A Kerry Fianna Fáil Councillor believes the current 9% tourism VAT rate should be continued indefinitely despite “the allegation that some hotels were not passing on the saving to its […]




A Kerry Fianna Fáil Councillor believes the current 9% tourism VAT rate should be continued indefinitely despite “the allegation that some hotels were not passing on the saving to its customers”.

The reduced VAT rate of 9% was introduced by the Government in response to the challenges posed by COVID-19 to the hospitality sector.

“I believe a return to a 13.5% Tourism VAT rate would be counterproductive at this stage, to small and medium businesses that welcome visitors to our country and our county,” Councillor Michael Cahill said.

“Catered food is already charged at 13.5%, alcohol at 23% and accommodation presently at 9%. This sector is providing pretty decent returns to the Exchequer and should be supported. All parties in this debate, including the Government and accommodation providers, should review their position and ensure their actions do not contribute to ‘killing the Goose that laid the Golden Egg’.”

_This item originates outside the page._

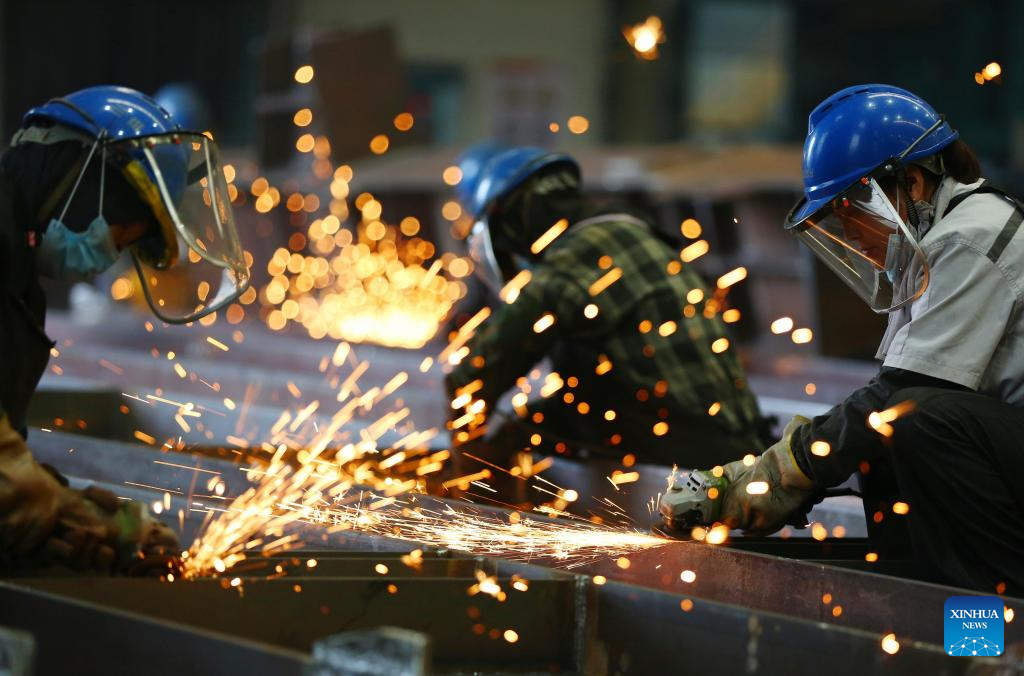 Workers grind steel components at a workshop in Tengzhou City, east China's Shandong Province, Oct. 2, 2025. Workers from all walks of life have been standing fast at their posts and fulfilling their duties with full dedication during the eight-day National Day and Mid-Autumn Festival holiday. (Photo by Li Zhijun/Xinhua)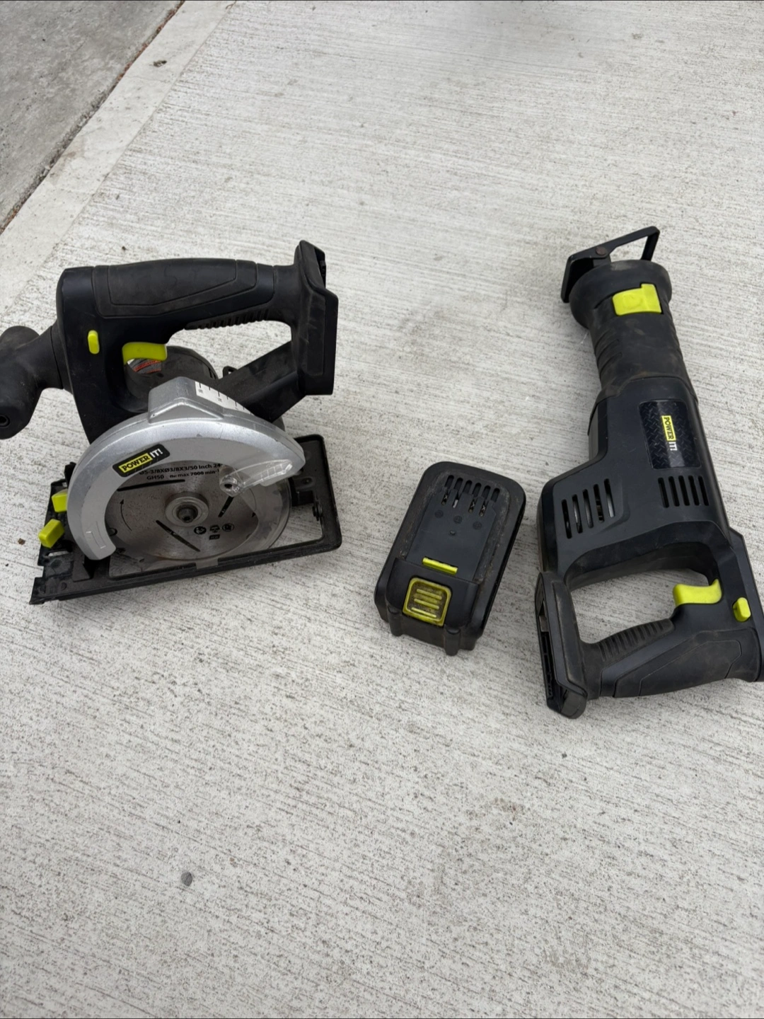 Comes with a circular saw, reciprocating saw, and a battery pack. Saws have a black and yellow design. These items can be used to build something amazing and relax your mind. I lost the charger that’s why am selling it, other than that everything is fine

He explained that the tourism industry is “in a very volatile market”, as can be seen by the enormous challenges “posed by COVID-19 in recent years”.

“A grain of rice could tip the balance either way and great care must be taken not to damage it irreparably. We are all aware that the next six to 12 months will be extremely difficult for many businesses with the increase in the cost of oil and gas, etc,, and a return to the 13.5% VAT rate will, in my opinion, close many doors. If a minority are ‘price gouging’, then it should be possible to penalise them and continue to support the majority who offer value for money to our visitors.”